[Problem] With pictures removed, output every record below exactly as written.

[Dataset excerpts]
==*==
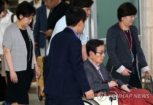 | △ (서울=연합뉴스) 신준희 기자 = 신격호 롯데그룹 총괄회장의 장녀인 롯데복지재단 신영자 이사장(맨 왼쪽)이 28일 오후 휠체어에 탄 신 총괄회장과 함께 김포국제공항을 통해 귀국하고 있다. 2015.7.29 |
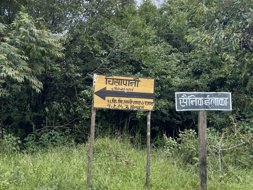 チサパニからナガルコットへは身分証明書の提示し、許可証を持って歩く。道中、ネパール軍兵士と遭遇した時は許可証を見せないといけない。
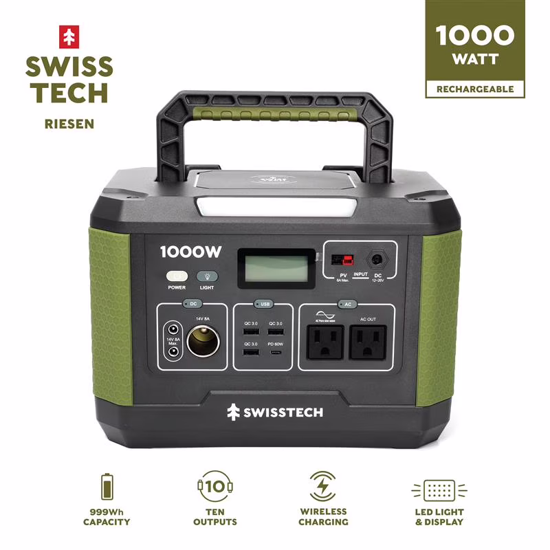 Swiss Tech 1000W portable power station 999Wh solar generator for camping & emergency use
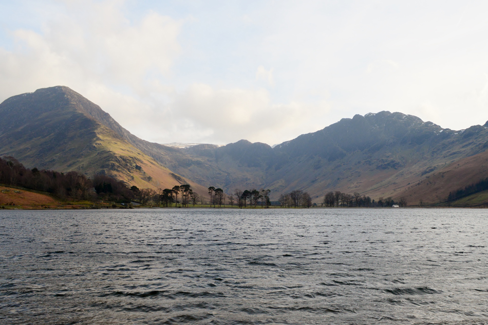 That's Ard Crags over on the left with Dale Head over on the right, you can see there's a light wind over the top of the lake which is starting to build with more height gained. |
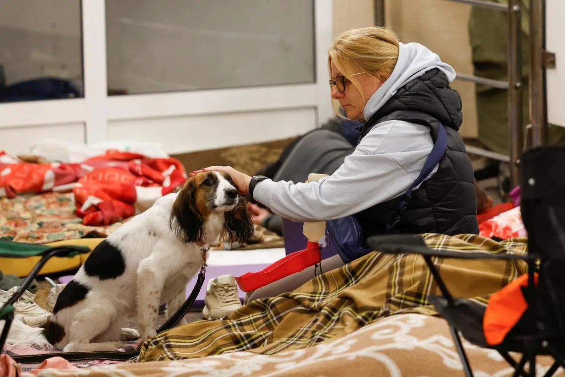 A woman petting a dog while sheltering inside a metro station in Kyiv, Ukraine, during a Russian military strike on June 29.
==*==
[Solution to the problem]
 | △ (서울=연합뉴스) 신준희 기자 = 신격호 롯데그룹 총괄회장의 장녀인 롯데복지재단 신영자 이사장(맨 왼쪽)이 28일 오후 휠체어에 탄 신 총괄회장과 함께 김포국제공항을 통해 귀국하고 있다. 2015.7.29 |
 チサパニからナガルコットへは身分証明書の提示し、許可証を持って歩く。道中、ネパール軍兵士と遭遇した時は許可証を見せないといけない。
 Swiss Tech 1000W portable power station 999Wh solar generator for camping & emergency use
 That's Ard Crags over on the left with Dale Head over on the right, you can see there's a light wind over the top of the lake which is starting to build with more height gained. |
 A woman petting a dog while sheltering inside a metro station in Kyiv, Ukraine, during a Russian military strike on June 29.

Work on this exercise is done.